OP I could have written exactly what you have!

This is the longest I have been single since my divorce ten years ago (now 4 years single). I'm far less stressed concentrating on my 2 teen DC and myself. I love being independent and in charge of my life, not having to deal with dramas and disappointments that came with my previous relationships - I find life far more tranquil. It's slightly annoying not being invited to dinner parties or socials because you are not in a couple, but then I remember how boring that shit is.

All my friends are married and I seem to be a sounding board for their grievances within their relationship, I empathise with them and then they go back to their dysfunctional (sometimes abusive) relationships, that's annoying.

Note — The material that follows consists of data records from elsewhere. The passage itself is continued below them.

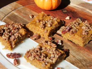 Warm Pumpkin spice bars are one of my favorite Autumn treats to whip up for my family. We had our favorite pumpkin recipes from Paleo Magazine. This year, I have been focusing on vegan recipes because I have so many friends who avoid dairy and eggs. These are my Paleo Magazine inspired Vegan Pumpkin Crumb Bars.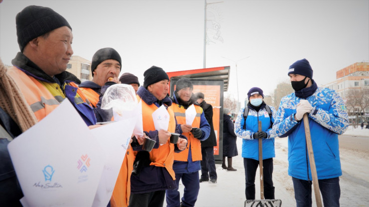 Коммунальщиков Нур-Султана угостили чаем и баурсаками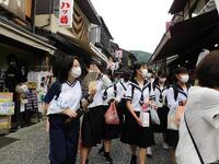 1組は清水寺に参拝し、お土産も購入しました。清水寺近くの湯豆腐屋さんでお昼ご飯を食べました。

I find that people just don't believe you when you say you are happy being single, and they sometimes tell you how life will get lonely when the kids grow up and you should find someone before it's too late'.

Sometimes I think it would be nice to have a partner but then I remember the way my past partners have always seemed to be so interfering and generally unreasonable and how my life was always an emotional rollercoaster when in a relationship - I don't want that upheaval for myself or my kids again.

Honestly, I could do with some likeminded people in the same boat as me and who feel the same to hang out with either IRL or virtually - shall we start a thread for us lot? Smug Self Partnereds? Grin

ruthydoodles24f · 31/12/2021 17:23

I hear this ..
I have 5 kids so quite different but 3 are grown I'm only 37 and a lot of people have said "you don't want to be alone forever"

But I can't see any benefits of being part of a couple?

I do get pity and a lot of the time don't know how to react to it tbh

AD3000 · 31/12/2021 17:39

Yes, I used to hear "have you met someone yet" so often from married friends, smug and patronising in one go, like I was no one without a man in tow. And the disbelief that I was happy on my own and not just putting a brave face on, really bloody annoying!

MintJulia · 31/12/2021 17:47

I get that too, but yanbu, I'm happier as I am too.

The lack of stress is such a relief.

Guacamole001 · 01/01/2022 10:09

It doesnt help that most threads from lone parents are from most who are struggling. No disrespect to those that are.

Gives the impression we must need rescuing.